London, England, Sep 9, 2025 / 09:00 am (CNA).
A priest and professor of bioethics has issued a grave warning about the implications of artificial intelligence (AI) companionship, highlighting the threats the new technology poses to mental health and calling on the Church to redouble its efforts to cultivate meaningful human connection.
Father Michael Baggot outlined his concerns at a conference on the ethics of AI organized by St. Mary’s University, Twickenham, which took place on Sept. 2-3 at the Gillis Centre in Edinburgh, Scotland.
Baggot delivered the keynote address, focusing on “an ethical evaluation of the design and use of artificial intimacy technologies,” and while he acknowledged the many benefits of AI, he also warned that with “these opportunities come a new set of challenges. Chief among them is the rise of artificial companionship.”

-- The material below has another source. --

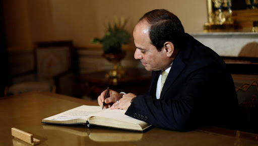 Egyptian President Abdel Fattah al-Sisi signs the guest book prior to a meeting with French Minister of the Armed Forces, Florence Parly (not pictured), at the Defense Ministry in Paris, France, October 23, 2017. REUTERS/Thibault Camus/Pool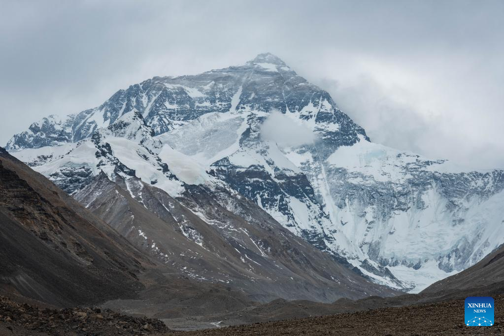 Photo taken on March 14, 2022 shows a view of Mount Qomolangma seen from the Mount Qomolangma base camp in southwest China's Tibet Autonomous Region. (Xinhua/Zhou Dixiao)

He continued: “AI systems designed not just to assist or inform, but to simulate intimate human relationships … AI companions that look or even feel like real friendships will become even more absorbing. They will distract users from the often arduous task of building meaningful interpersonal bonds. They will also discourage others from investing time and energy into risky interactions with unpredictable and volatile human beings who might reject gestures of love. While human relationships are risky, AI intimacy seems safe.”
Baggot conceded that AI companionship can initially offer relief from loneliness, but he went on to highlight instances in which it could be “downright damaging” to our mental health — to the point of psychosis.
“There are increasing instances of people using all-purpose platforms like ChatGPT, Gemini, Claude, Grok, and others to address mental health issues. They do not always receive sound advice,” he said. “In many cases, responses are downright damaging. Some bots even presented themselves falsely as licensed, as they delivered harmful counsel… Unfortunately, deeper intimacy with AI systems has also been linked to more frequent reports of AI psychosis. As users trust systems of staggering knowledge and psychological insight with their deepest hopes and fears, they find a constantly available and supportive companion.”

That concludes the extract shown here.